Wow, thanks for all the responses guys! 

BG I'm a little concerned with the fact that Line is known to have product quality issues (Sidewalls toast after one season etc), but your description is exactly what I am looking for. How long have you owned Prophet's and how are they holding up?

Mishka: What does tail rocker do exactly? Does it liven up the ski a little more?


----------



## mishka (Dec 11, 2014)

imo tail rocker help get away with less technique or skied turns, less precise carving. Stiff flat tail require, at least in my 87s compare to similar size MR86(with tail rocker), respect and precision in the turns.
I'm not to the best source to explain all this mechanics.... I just make skis lol  welcome to do experiment yourself try MR86 and MR87 side-by-side.


----------



## drjeff (Dec 11, 2014)

Head Rev 90's - classical Head edge hold on Eastern hard pack, but enough width underneath and playfulness on soft snow with a mid 16 meter radius that can turn tight and also make some big old arcs!


----------



## Boston Bulldog (Dec 13, 2014)

After demoing the Brahmas, Kendo's, Fischer Motives and Rossi 88's I bought the Brahmas at 180 length. That ski is a beast and trucked just about anything that was thrown at them, all the while staying surprisingly nimble on quick turns. When I turned them loose, they seemed to have no speed limit and its carving ability was spot on, even on ice.

Thanks for all the suggestions!


----------



## Tin (Dec 16, 2014)

Boston Bulldog said:


> Wow, thanks for all the responses guys!
> 
> BG I'm a little concerned with the fact that Line is known to have product quality issues (Sidewalls toast after one season etc), but your description is exactly what I am looking for. How long have you owned Prophet's and how are they holding up?
> 
> Mishka: What does tail rocker do exactly? Does it liven up the ski a little more?



The newer sidewall design is great. I have 20 days on my Influence 105s and they are holding up great. Mine only issue is the tips because I ski tight and they chip. You can get the 105 for under $300 and it is my daily driver. Don't fear 100+ waist. The three pairs of Lines I've skied on the one thing I will say is you really have to be in the front to control them. Go neutral and you're hanging on in the back. I also loved the Prophet's when I rode them.


----------



## deadheadskier (Dec 16, 2014)

I still think its a matter of preference on waist size.  I enjoyed my 107 Vagabonds in everything Killington threw at them last weekend, but on a packed snow day like that I'd have enjoyed my 84 Fischer's better.  Quicker in bumps, more race like performance on groomed terrain getting to and from where you are going.

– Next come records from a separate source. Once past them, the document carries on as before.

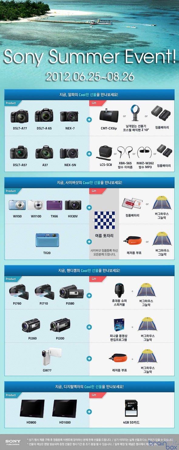 | - 6월 25일부터 8월 26일까지 알파 DSLT, NEX, 사이버샷, 핸디캠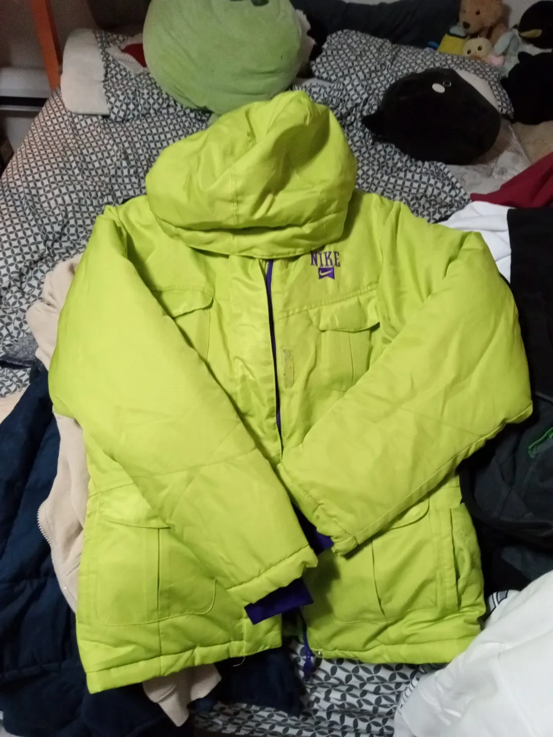 Selling a Nike jacket in a bright green colour! It has a hood and a purple zipper. It's in great condition and ready for a new owner!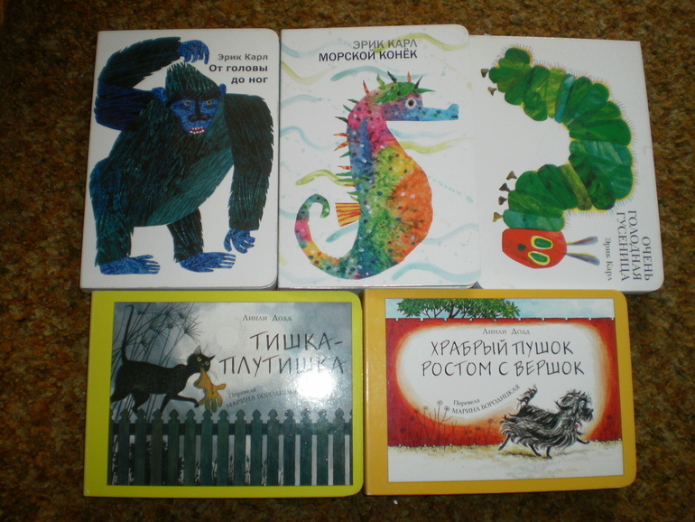 Артёму перед школой я подарила не менее любимую "Собачку Соню", а картонка Эрика Карла верно служит делу народного просвещения уже 11 лет )) К тому же с тех пор "идейных" дорогущих книжек-картонок у нас прилично прибавилось.

Its all a matter of personal preference, but I still think for the average working stiff new Englander who can't chase storms, the best dimensions for a daily driver is in the 85-90 range, 130-35 tip, slight tip rocker, wood torsion box sidewall construction.  If you like bumps - no metal;  spend more time carving add metal.

That's what I'll be looking for anyways when I wear out my Motives


----------



## drjeff (Dec 22, 2014)

bigbog said:


> Would like to demo that one....saw at a shop down in Freeport.



Just be prepared to plunk the credit card down for a pair if and when you demo them!  I'm loving this ski more and more every day I'm on them, and while I haven't skied in in DEEP powder yet, I haven't found a snow surface yet (hard pack, post freezing rain crust, wet snow, fresh sloppy manmade base snow, cord, soft chop, and even about 4-6" of untracked powder) that they don't perform well in! Easily the best "1 ski quiver" ski that I've ever skied


----------



## mriceyman (Dec 22, 2014)

Love my bonafides


Sent from my iPhone using AlpineZone


----------



## deadheadskier (Jan 29, 2015)

bigbog said:


> Stockli Stormrider 88:   $900+/-...meh, what's money....:grin:



You pick up a set?  Never skied a Stockli.


----------